• **EXERCISE PROMPT**
Each record that follows should be transcribed word for word.

[[ AVAILABLE DATA, beginning ]]

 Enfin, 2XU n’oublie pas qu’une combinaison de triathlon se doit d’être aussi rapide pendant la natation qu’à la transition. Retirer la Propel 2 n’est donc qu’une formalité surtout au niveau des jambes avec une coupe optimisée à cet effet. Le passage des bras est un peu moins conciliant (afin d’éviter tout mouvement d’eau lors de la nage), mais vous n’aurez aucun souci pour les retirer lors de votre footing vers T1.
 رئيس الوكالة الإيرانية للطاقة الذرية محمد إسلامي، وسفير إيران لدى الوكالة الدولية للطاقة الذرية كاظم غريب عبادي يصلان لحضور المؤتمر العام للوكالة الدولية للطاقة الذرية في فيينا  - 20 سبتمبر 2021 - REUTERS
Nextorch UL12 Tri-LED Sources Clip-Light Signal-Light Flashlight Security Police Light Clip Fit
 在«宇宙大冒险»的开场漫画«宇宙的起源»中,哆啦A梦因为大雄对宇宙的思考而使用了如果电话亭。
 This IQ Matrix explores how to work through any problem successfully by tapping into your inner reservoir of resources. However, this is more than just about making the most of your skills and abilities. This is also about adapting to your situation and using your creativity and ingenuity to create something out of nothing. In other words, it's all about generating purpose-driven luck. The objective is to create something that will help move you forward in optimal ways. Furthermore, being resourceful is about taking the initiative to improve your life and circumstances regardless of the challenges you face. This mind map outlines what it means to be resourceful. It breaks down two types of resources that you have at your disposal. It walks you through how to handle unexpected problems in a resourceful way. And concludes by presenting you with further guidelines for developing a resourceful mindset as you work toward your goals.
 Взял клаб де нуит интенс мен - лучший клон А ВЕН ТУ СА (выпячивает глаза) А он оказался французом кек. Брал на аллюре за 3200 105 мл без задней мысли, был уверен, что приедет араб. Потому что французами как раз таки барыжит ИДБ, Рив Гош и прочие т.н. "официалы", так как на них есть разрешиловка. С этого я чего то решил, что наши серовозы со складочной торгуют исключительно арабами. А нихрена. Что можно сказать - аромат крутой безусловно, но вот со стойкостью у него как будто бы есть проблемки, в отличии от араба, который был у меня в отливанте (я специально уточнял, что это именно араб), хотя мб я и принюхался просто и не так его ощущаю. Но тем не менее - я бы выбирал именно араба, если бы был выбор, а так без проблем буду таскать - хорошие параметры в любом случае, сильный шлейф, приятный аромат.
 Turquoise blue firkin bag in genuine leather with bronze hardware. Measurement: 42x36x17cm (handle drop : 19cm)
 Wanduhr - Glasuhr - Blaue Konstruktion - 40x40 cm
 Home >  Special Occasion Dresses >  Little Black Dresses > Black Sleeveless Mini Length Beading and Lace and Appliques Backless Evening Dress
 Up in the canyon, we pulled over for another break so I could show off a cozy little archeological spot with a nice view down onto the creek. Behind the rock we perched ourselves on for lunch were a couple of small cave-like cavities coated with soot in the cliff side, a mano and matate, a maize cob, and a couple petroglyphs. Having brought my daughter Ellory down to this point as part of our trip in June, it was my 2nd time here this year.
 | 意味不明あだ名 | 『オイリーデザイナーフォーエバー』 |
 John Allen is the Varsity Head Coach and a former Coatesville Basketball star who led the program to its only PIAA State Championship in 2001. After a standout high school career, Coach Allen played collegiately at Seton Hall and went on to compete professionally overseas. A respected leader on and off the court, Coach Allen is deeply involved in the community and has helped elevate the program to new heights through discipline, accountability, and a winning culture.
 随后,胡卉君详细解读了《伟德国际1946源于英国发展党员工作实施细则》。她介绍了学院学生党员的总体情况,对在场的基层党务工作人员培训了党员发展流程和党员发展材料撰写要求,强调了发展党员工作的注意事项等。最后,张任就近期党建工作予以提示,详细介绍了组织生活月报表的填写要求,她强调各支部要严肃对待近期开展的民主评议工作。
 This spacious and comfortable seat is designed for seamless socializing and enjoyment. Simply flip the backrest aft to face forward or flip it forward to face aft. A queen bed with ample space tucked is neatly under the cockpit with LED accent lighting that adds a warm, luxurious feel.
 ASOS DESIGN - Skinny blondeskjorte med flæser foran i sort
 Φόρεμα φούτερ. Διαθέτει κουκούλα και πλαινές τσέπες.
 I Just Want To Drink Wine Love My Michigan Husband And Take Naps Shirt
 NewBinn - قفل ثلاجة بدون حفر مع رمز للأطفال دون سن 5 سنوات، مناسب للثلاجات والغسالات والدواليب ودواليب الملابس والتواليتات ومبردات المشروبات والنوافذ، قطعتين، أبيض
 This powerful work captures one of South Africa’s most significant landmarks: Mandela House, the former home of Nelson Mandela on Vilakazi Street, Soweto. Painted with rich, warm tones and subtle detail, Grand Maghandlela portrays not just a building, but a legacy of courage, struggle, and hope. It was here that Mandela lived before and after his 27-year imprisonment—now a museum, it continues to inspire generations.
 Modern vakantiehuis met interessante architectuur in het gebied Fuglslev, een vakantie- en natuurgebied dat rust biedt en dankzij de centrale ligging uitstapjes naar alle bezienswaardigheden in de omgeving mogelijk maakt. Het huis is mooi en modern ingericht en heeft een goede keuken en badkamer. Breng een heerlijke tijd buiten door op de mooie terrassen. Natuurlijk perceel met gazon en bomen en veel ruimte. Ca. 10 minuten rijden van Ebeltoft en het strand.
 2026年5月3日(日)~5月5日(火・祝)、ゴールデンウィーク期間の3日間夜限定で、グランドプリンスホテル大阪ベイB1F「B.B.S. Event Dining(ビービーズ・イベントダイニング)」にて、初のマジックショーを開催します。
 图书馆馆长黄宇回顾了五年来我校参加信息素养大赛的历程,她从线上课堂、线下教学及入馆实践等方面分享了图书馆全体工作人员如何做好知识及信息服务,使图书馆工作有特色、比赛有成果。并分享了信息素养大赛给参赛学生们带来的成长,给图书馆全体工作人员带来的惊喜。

[[ AVAILABLE DATA, end ]]

• **SOLUTION TO THIS EXERCISE**
 Enfin, 2XU n’oublie pas qu’une combinaison de triathlon se doit d’être aussi rapide pendant la natation qu’à la transition. Retirer la Propel 2 n’est donc qu’une formalité surtout au niveau des jambes avec une coupe optimisée à cet effet. Le passage des bras est un peu moins conciliant (afin d’éviter tout mouvement d’eau lors de la nage), mais vous n’aurez aucun souci pour les retirer lors de votre footing vers T1.
 رئيس الوكالة الإيرانية للطاقة الذرية محمد إسلامي، وسفير إيران لدى الوكالة الدولية للطاقة الذرية كاظم غريب عبادي يصلان لحضور المؤتمر العام للوكالة الدولية للطاقة الذرية في فيينا  - 20 سبتمبر 2021 - REUTERS
Nextorch UL12 Tri-LED Sources Clip-Light Signal-Light Flashlight Security Police Light Clip Fit
 在«宇宙大冒险»的开场漫画«宇宙的起源»中,哆啦A梦因为大雄对宇宙的思考而使用了如果电话亭。
 This IQ Matrix explores how to work through any problem successfully by tapping into your inner reservoir of resources. However, this is more than just about making the most of your skills and abilities. This is also about adapting to your situation and using your creativity and ingenuity to create something out of nothing. In other words, it's all about generating purpose-driven luck. The objective is to create something that will help move you forward in optimal ways. Furthermore, being resourceful is about taking the initiative to improve your life and circumstances regardless of the challenges you face. This mind map outlines what it means to be resourceful. It breaks down two types of resources that you have at your disposal. It walks you through how to handle unexpected problems in a resourceful way. And concludes by presenting you with further guidelines for developing a resourceful mindset as you work toward your goals.
 Взял клаб де нуит интенс мен - лучший клон А ВЕН ТУ СА (выпячивает глаза) А он оказался французом кек. Брал на аллюре за 3200 105 мл без задней мысли, был уверен, что приедет араб. Потому что французами как раз таки барыжит ИДБ, Рив Гош и прочие т.н. "официалы", так как на них есть разрешиловка. С этого я чего то решил, что наши серовозы со складочной торгуют исключительно арабами. А нихрена. Что можно сказать - аромат крутой безусловно, но вот со стойкостью у него как будто бы есть проблемки, в отличии от араба, который был у меня в отливанте (я специально уточнял, что это именно араб), хотя мб я и принюхался просто и не так его ощущаю. Но тем не менее - я бы выбирал именно араба, если бы был выбор, а так без проблем буду таскать - хорошие параметры в любом случае, сильный шлейф, приятный аромат.
 Turquoise blue firkin bag in genuine leather with bronze hardware. Measurement: 42x36x17cm (handle drop : 19cm)
 Wanduhr - Glasuhr - Blaue Konstruktion - 40x40 cm
 Home >  Special Occasion Dresses >  Little Black Dresses > Black Sleeveless Mini Length Beading and Lace and Appliques Backless Evening Dress
 Up in the canyon, we pulled over for another break so I could show off a cozy little archeological spot with a nice view down onto the creek. Behind the rock we perched ourselves on for lunch were a couple of small cave-like cavities coated with soot in the cliff side, a mano and matate, a maize cob, and a couple petroglyphs. Having brought my daughter Ellory down to this point as part of our trip in June, it was my 2nd time here this year.
 | 意味不明あだ名 | 『オイリーデザイナーフォーエバー』 |
 John Allen is the Varsity Head Coach and a former Coatesville Basketball star who led the program to its only PIAA State Championship in 2001. After a standout high school career, Coach Allen played collegiately at Seton Hall and went on to compete professionally overseas. A respected leader on and off the court, Coach Allen is deeply involved in the community and has helped elevate the program to new heights through discipline, accountability, and a winning culture.
 随后,胡卉君详细解读了《伟德国际1946源于英国发展党员工作实施细则》。她介绍了学院学生党员的总体情况,对在场的基层党务工作人员培训了党员发展流程和党员发展材料撰写要求,强调了发展党员工作的注意事项等。最后,张任就近期党建工作予以提示,详细介绍了组织生活月报表的填写要求,她强调各支部要严肃对待近期开展的民主评议工作。
 This spacious and comfortable seat is designed for seamless socializing and enjoyment. Simply flip the backrest aft to face forward or flip it forward to face aft. A queen bed with ample space tucked is neatly under the cockpit with LED accent lighting that adds a warm, luxurious feel.
 ASOS DESIGN - Skinny blondeskjorte med flæser foran i sort
 Φόρεμα φούτερ. Διαθέτει κουκούλα και πλαινές τσέπες.
 I Just Want To Drink Wine Love My Michigan Husband And Take Naps Shirt
 NewBinn - قفل ثلاجة بدون حفر مع رمز للأطفال دون سن 5 سنوات، مناسب للثلاجات والغسالات والدواليب ودواليب الملابس والتواليتات ومبردات المشروبات والنوافذ، قطعتين، أبيض
 This powerful work captures one of South Africa’s most significant landmarks: Mandela House, the former home of Nelson Mandela on Vilakazi Street, Soweto. Painted with rich, warm tones and subtle detail, Grand Maghandlela portrays not just a building, but a legacy of courage, struggle, and hope. It was here that Mandela lived before and after his 27-year imprisonment—now a museum, it continues to inspire generations.
 Modern vakantiehuis met interessante architectuur in het gebied Fuglslev, een vakantie- en natuurgebied dat rust biedt en dankzij de centrale ligging uitstapjes naar alle bezienswaardigheden in de omgeving mogelijk maakt. Het huis is mooi en modern ingericht en heeft een goede keuken en badkamer. Breng een heerlijke tijd buiten door op de mooie terrassen. Natuurlijk perceel met gazon en bomen en veel ruimte. Ca. 10 minuten rijden van Ebeltoft en het strand.
 2026年5月3日(日)~5月5日(火・祝)、ゴールデンウィーク期間の3日間夜限定で、グランドプリンスホテル大阪ベイB1F「B.B.S. Event Dining(ビービーズ・イベントダイニング)」にて、初のマジックショーを開催します。
 图书馆馆长黄宇回顾了五年来我校参加信息素养大赛的历程,她从线上课堂、线下教学及入馆实践等方面分享了图书馆全体工作人员如何做好知识及信息服务,使图书馆工作有特色、比赛有成果。并分享了信息素养大赛给参赛学生们带来的成长,给图书馆全体工作人员带来的惊喜。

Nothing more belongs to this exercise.